13 October, 2004

William Schaefer

Former governor and current state comptroller William D. Schaefer provides reason number 425321 for not living in the state of Maryland:

The mention of an HIV registry, something Schaefer championed without success a decade ago, had prompted an angry response from health officials and activists who believe that it would discourage people from being tested and seeking care. During yesterday's interview, Schaefer tried to explain why he continued to push a proposal that the legislature defeated three times in the 1990s.

"As far as I'm concerned, people who have AIDS are a danger," the comptroller said. "They're a danger to spread AIDS. People should be able to know who has AIDS. It costs an awful lot of money to treat them."

Maybe if we had some other way to identify those with AIDS. Hmmm. AIDS. AIDS. A! We could sew a big 'A' on these peoples' clothes. I'd be willing to be that you could find some surplus in Mass, or the surrounding areas.

"They bring it on themselves," Schaefer continued, saying risky behavior is the only way to get the disease. "They don't get it by sitting on the toilet seat. . . . A person who gives AIDS, who spreads AIDS, they're bad people. Everybody wants to be on the good side of everything. Well, I'm taking a stand."

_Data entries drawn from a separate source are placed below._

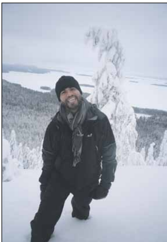
Terveisiä Pohjois-Karjalan vaaramaisemista Kolin kansal- lispuistosta, 16.2.2013.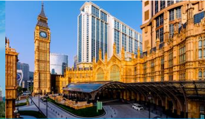
The Londoner Macao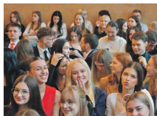
Szkołę kończy 86 absolwentów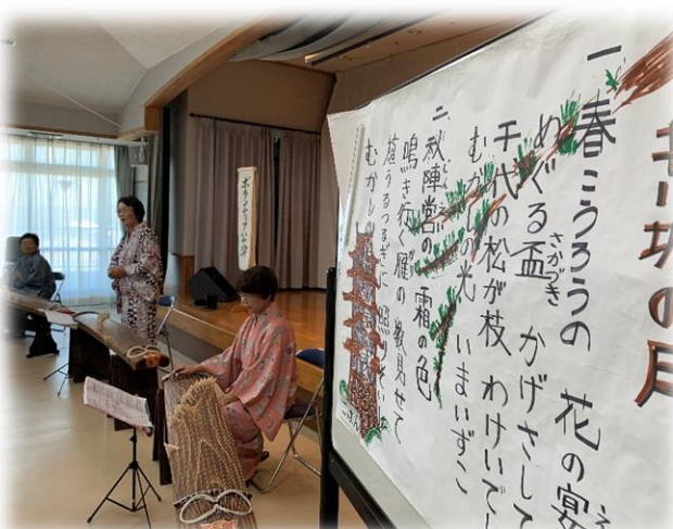
本琴の演奏・着物姿も美しかった

毎年この時期は、多くのボランティア団体の皆さんがこもれびの郷を訪ねて下さいます。皆さんはそれぞれの特技や芸能を駆使して、利用者の方々に娯楽を提供して下さっています。また、6月6日には「ういんぐす」の皆さんが来園されました。バンド演奏あり、お楽しみ会ありとそれ自体がひとつのテレビ番組の様にバラエティに富んだ内容が魅力となっております。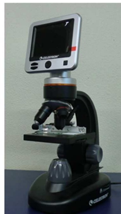
けんびきょう 顕微鏡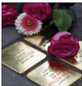
Den Opfern wieder einen Namen geben: Stolpersteine in Bad Soden. Die „Arbeitsgemeinschaft Stolpersteine“ lädt zu einer Ausstellung ein.

Bad Soden (bs) – Die Arbeitsgemeinschaft (AG) Stolpersteine in Bad Soden besteht seit zehn Jahren, gegründet wurde sie im August 2013. Nun lädt die AG unter der Überschrift „Gegen das Vergessen“ zu einer Ausstellung in das Kunstkabinett im Kulturzentrum Badehaus in Bad Soden ein. Die Ausstellung wird am Samstag, 21. Oktober, um 16 Uhr im Kunstkabinett eröffnet.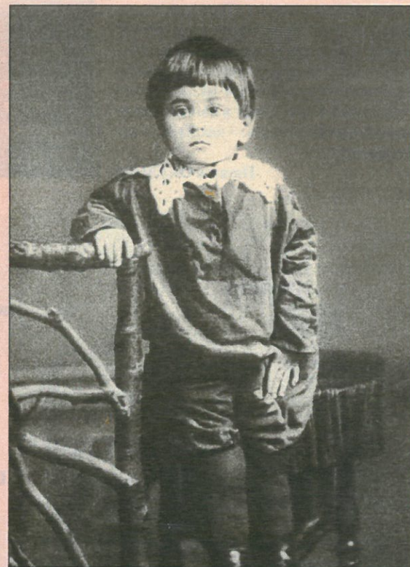
Мише Зощенко два года. 1897 г.

Когда Зощенко стали много печатать, гонорары полились рекой, и со временем жена значительно изменила меблировку: спальный гарнитур в стиле Людовика XVI, картины в золоченых рамах, фарфоровые пастушки и пастушки, в углу — раскидистая пальма. Сам Зощенко по рассеянности, кажется, и не замечал всех этих изменений. Но

Well, amazingly, he figured out you can't catch "the AIDS" by sitting on a toilet seat. Bravo!

1 comment:

  1. I'm sure other readers with more "public health" backgrounds will chime in, but one of the biggest issues with the spread of HIV is that there is no forced notification as there is with many other STDs. I understand why, the attachment as a "gay disease," etc., but in many ways it has only encouraged the spread and made it more difficult from a public health perspective. It's a case where activists, trying to do the "right thing," ended up making the problem worse.We don't need a registry, just as there's no registry for other STDs, we simply need an obligation for those tested to cough up names of other people so they can be notified that they need testing. Such things can be done anonymously and still be effective.